Market Basket Model

COMP207 Lectures 2021-12-07

This is a basic technique for data-mining.

Market-Basket Data

Data can be described by:

A set of items $I$.
A set of baskets $B$:
- Each basket $b\in B$ is a subset of $I$.

For example:

Purchase ID	Items Bought
101	milk, bread, cookies, juice
792	milk, juice
1130	milk, bread, eggs
1735	bread, cookies, coffee

In this table:

$I=$ all unique items that were bought.
- {bread, coffee, eggs, juice, milk}
$B=$ the set of baskets represented by each purchase ID.
- {$b_1,b_2,b_3,b_4$}

Frequent-Itemset Mining

Consider for the previous table we are asked:

Which items occur frequently together in a basket?

Given a set of items $I$ and a set of baskets $B$:

The support of a subset $J$ of $I=$ frequency with which the items in $J$ occur together in a basket in $B$.

Therefore to calculate the support of a set of items $J$ we can use:

\[\frac{\text{number of baskets in }B\text{ containing all items in }J}{\text{number of baskets in }B}\]

The support of {milk, juice} $=\frac 2 4=0.5$ as the set is contained in two out of the four baskets.

There are additional examples of calculating support at the end of the lecture.

Frequent Itemsets

A subset $J$ of $I$ is frequent if its support is at least $s$:

$s$ - Support threshold specified by the user.

There are examples of classifying frequent itemsets and frequent pairs at the end of the lecture.

Complex Tables

Sometimes we have tables with additional columns which make the baskets hard to define:

Purchase ID	Customer ID	Items Bought
101	A	milk, bread, cookies, juice
792	B	milk, juice
1130	A	milk, bread, eggs
1735	C	bread, cookies, coffee

Customer Baskets

We could define the baskets as per customer:

This would mean one basket per Customer ID.
- Only add distinct items to the basket of the customer.

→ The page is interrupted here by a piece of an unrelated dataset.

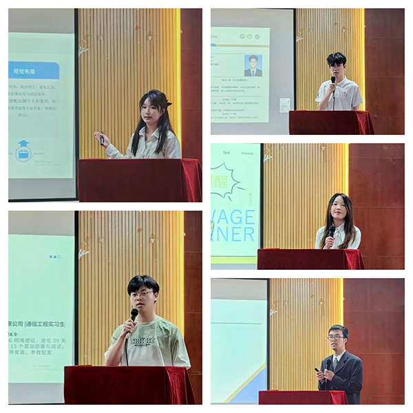 在第一届简历设计大赛决赛中,12名参赛选手依次登台,通过PPT展示个人简历,说明排版逻辑、设计思路,并分析简历内容与目标岗位的匹配性,展现出自身专业素养和创新思维。评委从内容准确性、设计规范性和表达清晰度等多个维度进行评分,最终评出各奖项并现场公布结果。

We can also do this with respect to any of the other basket columns, such as Purchase ID.

This would generate the following table:

Customer ID	Items Bought
A	milk, bread, cookies, juice, eggs
B	milk, juice
C	bread, cookies, coffee

We then define all other notion using this new table and the following language:

The support of a set $J$ with respect to the customers.

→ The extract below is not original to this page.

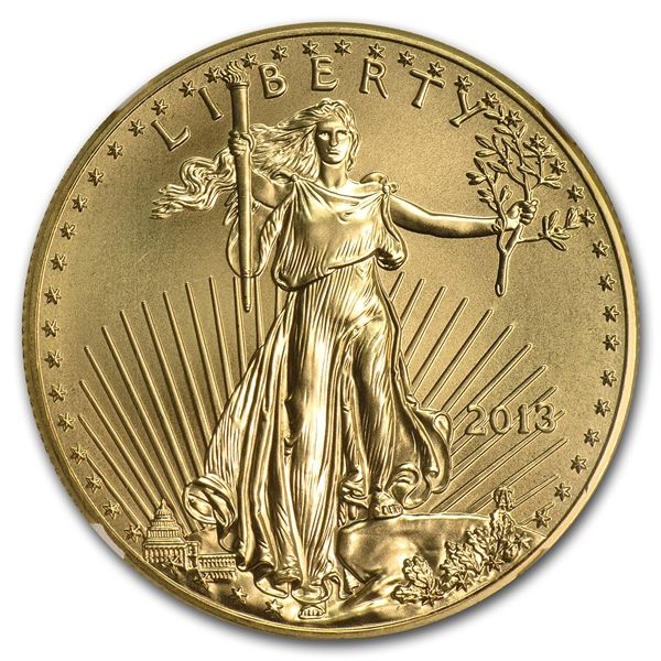 2013 1 oz Gold American Eagle MS-69 NGC Early Releases **|**|** 2013 1 oz Gold American Eagle MS-69 NGC Early ReleasesYear ***2013Grade***MS-69Denomination**50Dim.**32.7Thick:**2.87mm ; MSRP: $5300

This is the support of $J$ computed using the new set of baskets.

$J$ is frequent with respect to the customers.

If its support with respect to the customers is at least the support threshold.

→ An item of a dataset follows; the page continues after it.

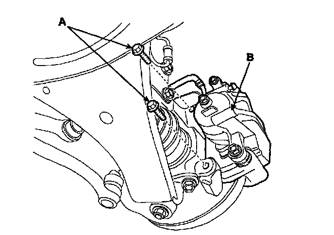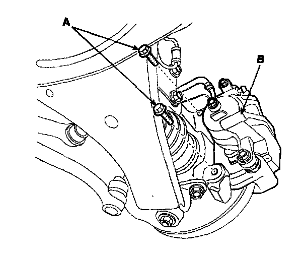 5. Install the brake caliper assembly (A) to the knuckle (B).

There is an additional example on slide 8 of the lecture with generic item names.

Association Rules

This is a variant of frequent-item mining queries.

They take the form:

\[\{i_1,i_2,\ldots,i_n\}\Rightarrow j\]

For example:

Customers who buy nappies frequently also buy beer:
\[\{\text{nappies}\}\Rightarrow \text{beer}\]

Properties of Association Rules

The support of ($i_1,i_2,\ldots,i_n,j$) must be high otherwise the association won’t have any meaning.

We can calculate confidence like so:

\[\frac{\text{support of }\{i_1,i_2,\ldots,i_n,j\}}{\text{support of }\{i_1,i_2,\ldots,i_n\}}\]

This is the percentage of people who bought all of the items vs those who just bought the indicator items.

This should also be high.
Should differ significantly from fraction of baskets containing $j$.

We could phrase this association like:

67% of all customers who bought milk also bought juice.

There are examples of calculating confidence starting at slide 11 of the lecture.

Finding Association Rules

Focus on assocation rules with high support:
- At lease the support threshold $s$.
Compute the set $F$ of all itemsets $J$ with support $\geq s$.
From $F$ it is easy to obtain the association rules:
- For each set $J$ in $F$ and each $j$ in $J$, consider the rule $\{j\}\Rightarrow j$.
- Compute the confidence for $\{j\}\Rightarrow j$ and compare with the percent of baskets containing $j$

A-Priori Algorithm

The goal is compute all the itemset $J$ with support $\geq s$. The idea is that:

\[\text{If }J\text{ has support }\geq s\text{, then all subsets of }J\text{ have support }\geq s\text{.}\]

Using this we compute frequent itemsets from smaller ones:

$F_1:=$ itemsets $\{i\}$ with support $\geq s$.
$F_2:=$ itemsets $\{i,j\}$ with $\{i\},\{j\}\in F_1$ and support $\geq s$.
$F_3:=$ itemsets $\{i,j,k\}$ with $\{i,j\},\{i,k\},\{j,k\}\in F_1$ and support $\geq s$.
…

A-Priori Algorithm Formal Method

Input:
- The set of items $I$.
- The set of baskets $B$.
- Max size $q$.
- Support threshold $s$.
Output - Subsets $J$ of $I$ with $\lvert J\rvert\leq q$ and support $\geq s$.

C1 := {{i} : i∈I}
for k = 1 to q do
	Fk := {J ∈ Ck : J has support ≥ s}
	if k = q then stop
	Ck+1 := {J ⊆ I : |j| = k + 1 and all subsets of J of size k occur in Fk}